GandCrab ransomware gang infects customers of remote IT support firms
Hackers have used a two-year-old vulnerability in a software package used by remote IT support firms to gain a foothold on vulnerable networks and deploy the GandCrab ransomware on those companies’ customer workstations.
At least one company has been hit already, according to a report on Reddit, confirmed by cyber-security firm Huntress Labs.
The Kaseya VSA plugin allows companies to link data from the Kaseya VSA remote monitoring and management solution to a ConnectWise dashboard.
Many small IT firms and other types of managed service providers (MSPs) use the two applications to centralize data from their clients and manage customer workstations from a remote central location.
In November 2017, a security researcher named Alex Wilson discovered an SQL injection vulnerability (CVE-2017-18362) in this plugin that could allow an attacker to create new administrator accounts on the main Kaseya app. He also published proof-of-concept code on GitHub that could automate the attack.
Kaseya released patches at the time, however, based on new evidence, it appears that many companies failed to install the updated Kaseya plugin on their ConnectWise dashboards, leaving their networks exposed.

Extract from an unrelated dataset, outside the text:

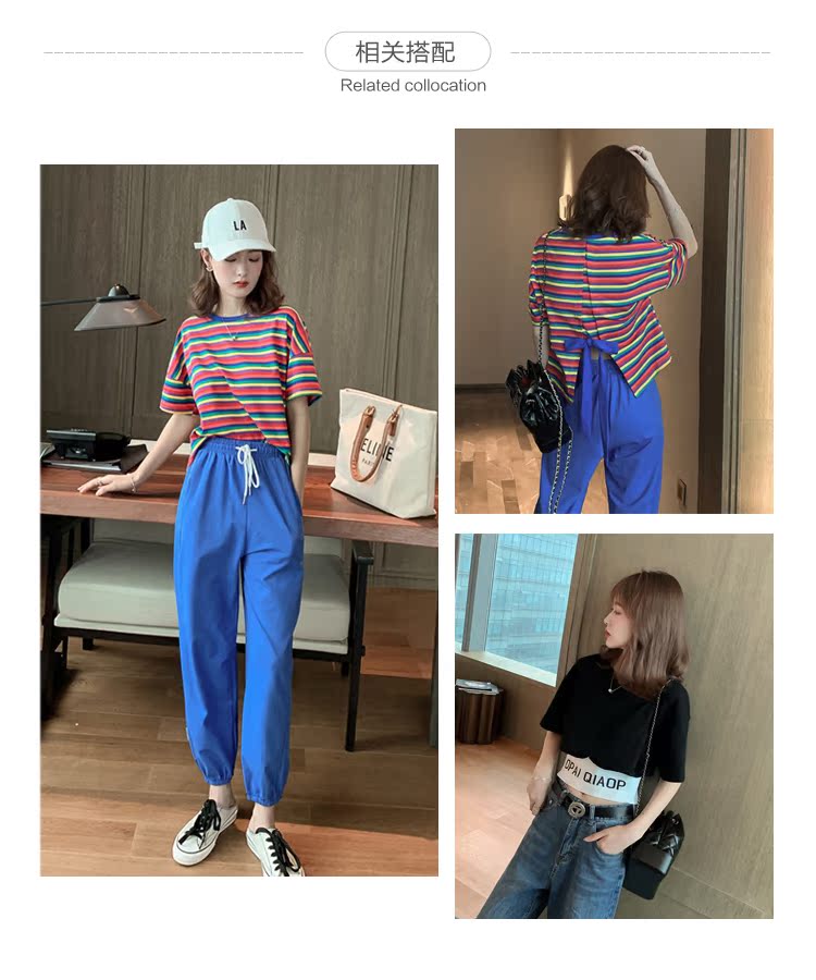 褲子女2019韓版夏季休閑時尚chic長褲潮運動褲寬松束腳休閑褲1入

Attacks exploiting this vulnerability started two weeks ago, around the end of January 2019. One report posted on Reddit describes an incident at an MSP where hackers breached an MSP’s network and then deployed GandCrab ransomware to 80 customer workstations.
A now-deleted tweet that ZDNet wasn’t able to verify claimed that hackers used the same attack routine to infect other MSPs, locking more than 1,500 workstations.
ConnectWise has issued a security alert in response to the growing number of reports surrounding these ransomware attacks, advising users to update their ConnectWise Manage Kaseya plugin. The company said that only companies “who have the Plugin installed on their on-premises [Kaseya] VSA” are impacted.
In an interview with MSSP Alert, a tech news site focused on the MSP sector, Kaseya executive VP of marketing and communications Taunia Kipp said they’ve identified 126 companies who failed to update the plugin and were still at risk.
“We posted a notification/support article to our support help desk and immediately started reaching out via phone/email to those identified who were at risk of impact with resolution,” she said.
Huntress Lab researchers, who said they had “first-hand knowledge” of the incident involving 80 customer workstations that got infected with GandCrab, had some advice for companies that are still running outdated versions of the Kaseya plugin.
The first thing you should do is to immediately disconnect your VSA server from the internet until you can be sure it hasn’t already been infected. While the attacks we saw this week immediately deployed ransomware it’s entirely possible other attackers have known about this vulnerability and may already have a foothold within your system. Disconnecting the VSA server will at least prevent it from deploying ransomware while you investigate.
Next you should thoroughly audit your VSA server and any other critical infrastructure for suspicious/malicious footholds, suspicious accounts, etc. We know this can be a tedious and lengthy process but want you to understand the risks associated with attacker access of this level.
Finally remove the ManagedITSync integration and replace it with the newest version prior to re-connecting your VSA server to the internet.